Argent BioPharma signed an exclusive agreement with SK-Pharma’s CEO Dr Schlomo Sadoun, to ‘facilitate a commercial transaction’ for its manufacturing facility in Malta.

Sadoun, who has served as a financial advisor to the company for some time, will be granted three months exclusivity to secure a potential investment, contract manufacturing deal, or a supply and distribution agreement of no less than $1m, payable from profits generated by the counterparty.

Argent says that it will ‘retain the ability to produce its product portfolio’ at the Malta facility at cost after a deal is reached.

It comes amid a broader strategic shift, seeing it transfer the manufacture of its proprietary portfolio to ECCPharm’s EU-GMP-certified facility, following its recently signed collaboration agreement.

As such, its Malta facility will be ‘actively repositioned’ as a Contract Manufacturing Operations (CMO) service, catering to pharmaceutical companies.

The Company anticipates this move will result in significant cost efficiencies and improve the cost of goods sold for Argent BioPharma under the structured agreement with ECCPharm.

Roby Zomer, CEO & Managing Director of Argent BioPharma, commented: “We are pleased to engage Dr Sadoun to explore strategic options for our Malta-based manufacturing facility.

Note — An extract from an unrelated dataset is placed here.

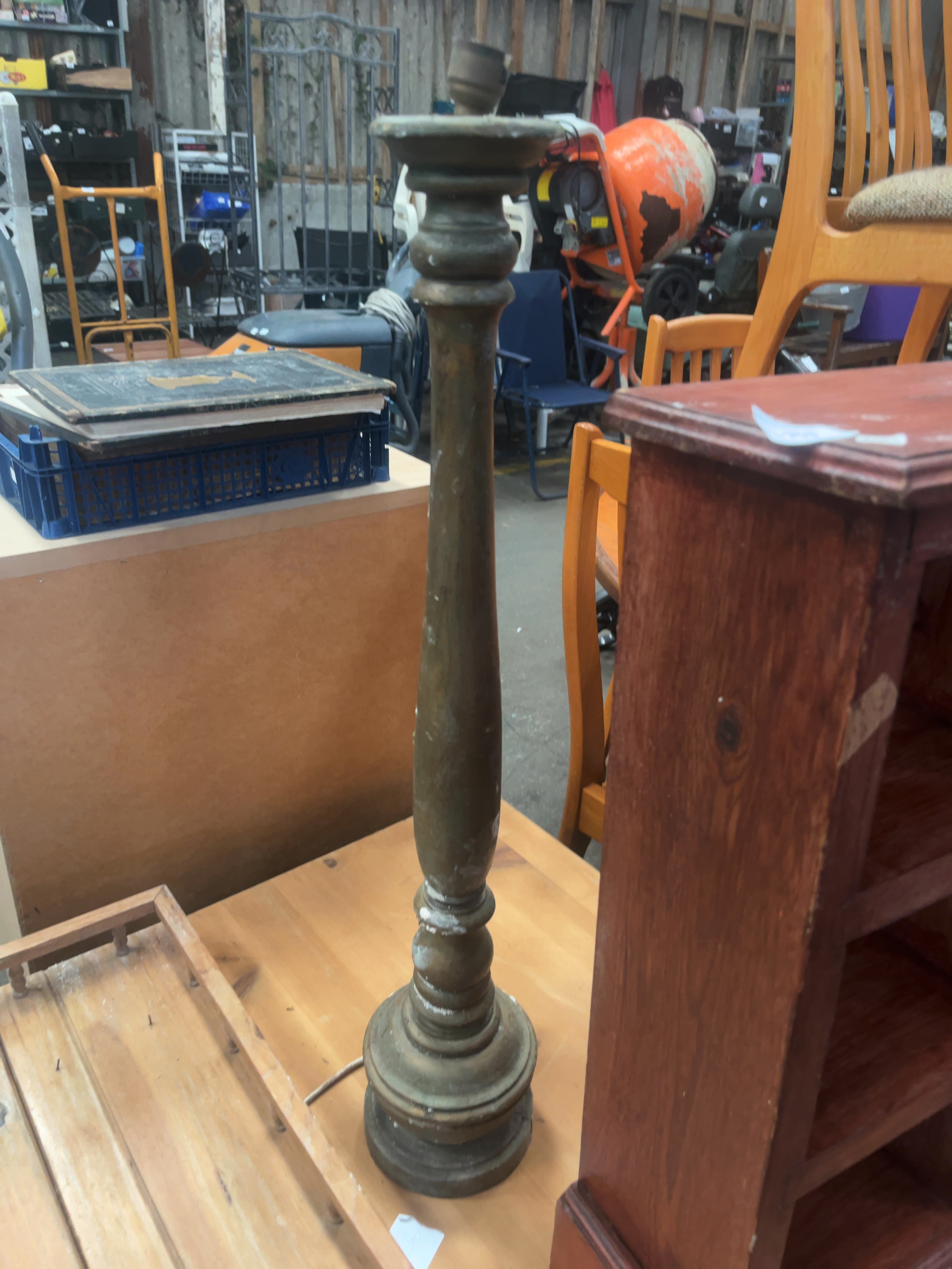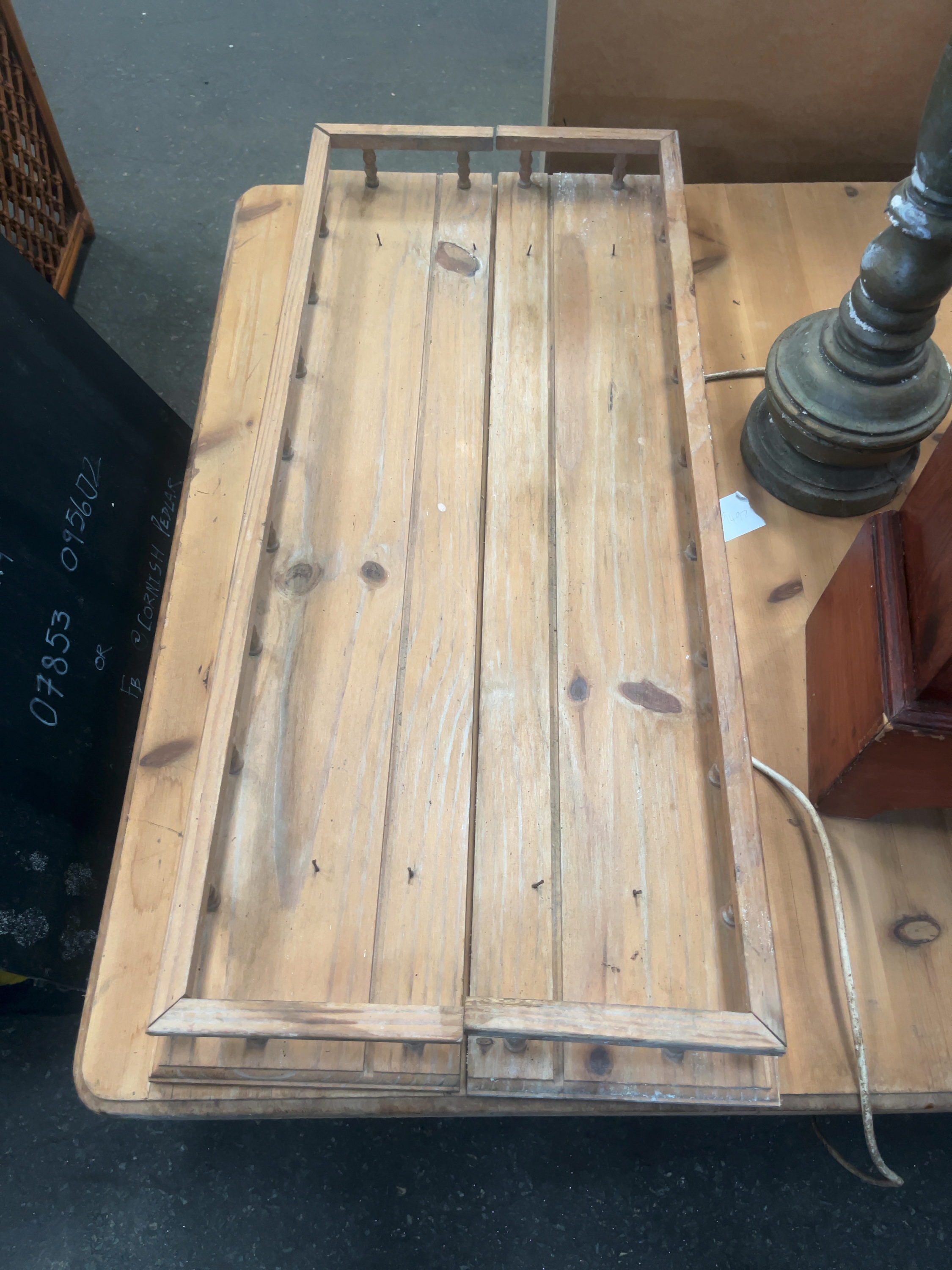 A trio of wooden items of 20th-century or contemporary manufacture. The lot comprises a long, shallow pine rack featuring a turned spindle gallery and a row of small protruding pins to the base. Included is a small three-tier bookcase with a reddish-brown stain and a shaped apron. The final item is a tall, turned wooden table lamp base with a weathered grey-green finish. No maker’s marks are discernable on the objects. Handwritten text on an adjacent surface reads 07853 095602 OR FB @ CORNISH PEDLAR.

This agreement provides a structured framework to assess opportunities that align with our long-term vision while ensuring value for shareholders. We look forward to evaluating potential transactions that enhance our operational and financial position.”

Chill Brands 

UK-based online CBD and wellness retailer Chill Brands has this week announced plans to raise up to £1 million through a convertible loan note issue.

The loan will have a 10% interest rate and mature in three years, with the proceeds going towards supporting its 2025 growth strategy.

This will include to development and launch new reusable, pod-based vape devices ahead of the UK’s disposal vape ban in June.

It will also use the newly raised cash to expand marketing efforts for the Chill.com marketplace, grow its sales and distribution network, and support working capital needs, including potential acquisitions.

In an accompanying business update, Chill says that despite challenges in 2024, it continues to sell its remaining disposable vape inventory while preparing for the upcoming ban.

The Chill.com marketplace now hosts nearly 70 brands, and new funds will be used to boost online advertising, launch a loyalty program, and improve fulfilment services.

Meanwhile, the company’s Retail Distribution Services division, launched in December 2024, has already secured distribution deals for oral nicotine pouches, a sugar-free energy drink, vape liquids, and popular confectionery products. This division is expected to drive higher sales volumes and revenue growth throughout 2025.

Months after its shares were suspended on the London Stock Exchange (LSE), Chill Brands says it is working to complete its statutory audit for the year ending March 31, 2024, with an expected completion in Q1 2025. Once its audited financials and interim results are published, the company will apply for the resumption of share trading.